Turn off All Optimizations
Xin Tong
xerox.time.tech at gmail.com
Thu Nov 22 22:43:53 PST 2012
On Thu, Nov 22, 2012 at 2:11 PM, Krystal Mo <krystal.mo at oracle.com> wrote:
> Hi Xin,
>
> So what you're looking for is some kind of baseline compiler, right?
> How does your study relate to the ones on different threading techniques for
> implementing interpreters? e.g. context-threading / inline-threading?

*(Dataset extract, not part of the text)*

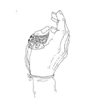 玉韘形佩,考古发掘报告中通常称为“心形佩”,是两汉时期颇具特色的一种单玉佩,由实用器“韘”发展演变而来。文献中对“韘”的最早记载来自《诗经·卫风·芄兰》:“芄兰之叶,童子佩韘;虽则佩韘,能不我甲;容兮遂兮,垂带悸兮。”《说文解字·韦部》曰:“韘,射決也,所以钩弦。以象骨韦系着右巨指。”韘是古代射箭之人戴在右手大拇指上,用韦固定,作拉弦开弓之用,以防手指被弓弦勒伤。(图2)
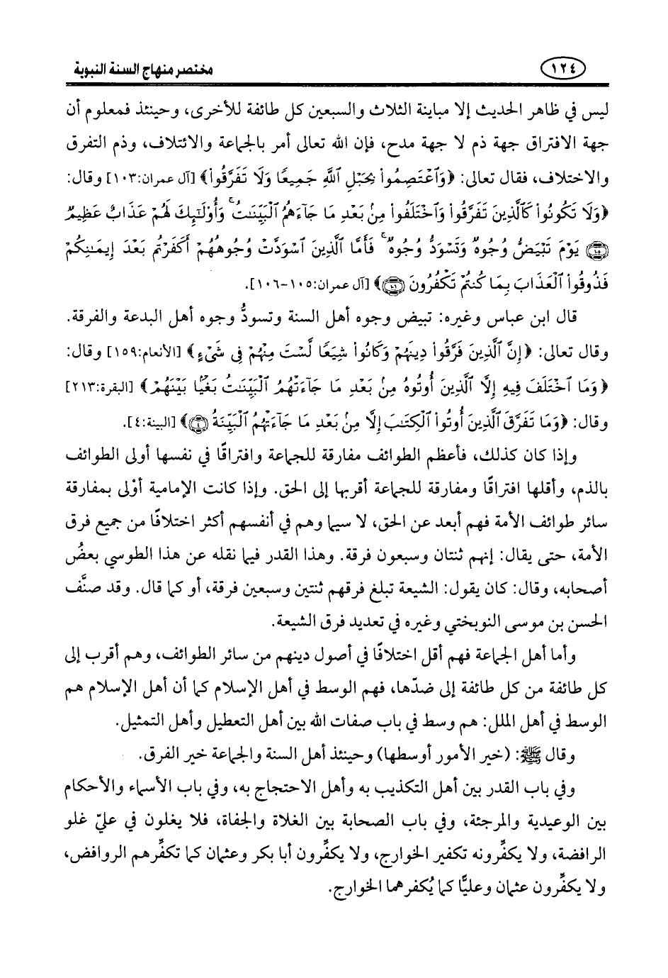 وَهَؤُلَاءِ الْإِمَامِيَّةُ الِاثْنَا عَشْرِيَّةَ يَقُولُونَ: إِنَّ أُصُولَ الدِّينِ أَرْبَعَةٌ: التَّوْحِيدُ، وَالْعَدْلُ، وَالنُّبُوَّةُ، وَالْإِمَامَةُ. وَهُمْ مُخْتَلِفُونَ فِي التَّوْحِيدِ وَالْعَدْلِ وَالْإِمَامَةِ. وَأَمَّا النُّبُوَّةُ فَغَايَتُهُمْ أَنْ يَكُونُوا مقرِّين بِهَا كَإِقْرَارِ سَائِرِ الْأُمَّةِ. وَاخْتِلَافُهُمْ فِي الْإِمَامَةِ أَعْظَمُ مِنِ اخْتِلَافِ سَائِرِ الْأُمَّةِ، فَإِنْ قَالَتِ الِاثْنَا عَشْرِيَّةَ: نَحْنُ أَكْثَرُ مِنْ هَذِهِ الطَّوَائِفِ، فَيَكُونُ الْحَقُّ مَعَنَا دُونَهُمْ. قِيلَ لَهُمْ: وَأَهْلُ السُّنَّةِ أَكْثَرُ مِنْكُمْ، فَيَكُونُ الْحَقُّ مَعَهُمْ دُونَكُمْ، فَغَايَتُكُمْ أَنْ تَكُونَ سَائِرُ فِرَقِ الْإِمَامِيَّةِ مَعَكُمْ بِمَنْزِلَتِكُمْ مَعَ سَائِرِ الْمُسْلِمِينَ، وَالْإِسْلَامُ هُوَ دِينُ اللَّهِ الَّذِي يَجْمَعُ أهل الحق.

I want to exam why interpreter is slower than the JIT. it is commonly
believed (easily verifiable) that interpreter is typically much slower
than the JIT. but no one ( at least i am not aware of) has ever fully
investigated why. i want to look at the performance differences from a
microarchitectural point of view., including the following
1. branch prediction
2. instruction cache
3. data cache
4. dynamic instruction count.
5. TLB.
there may be more...
different implementations of interpreters dohave impact on the
results, but the context-threaded interpreter is believed to be more
friendly than the simple switch based interpreter.
>
> Unfortunately neither C1 nor C2 has a magic switch to turn off all
> optimizations. Turning code into SSA-form and back is already "optimizing"
> in a lot of cases; both C1 and C2 use SSA-form intermediate representations,
> so it wouldn't be reasonable to have such a magic switch.
>
I am modifying the opto compiler, trying to disable all the
optimizations. however, I think the Node *nn =
transform_old(n); in the PhaseIterGVN::optimize must be called for the
compiler to work. does this transform the node to SSA representation
which is later recognized by the code generator ?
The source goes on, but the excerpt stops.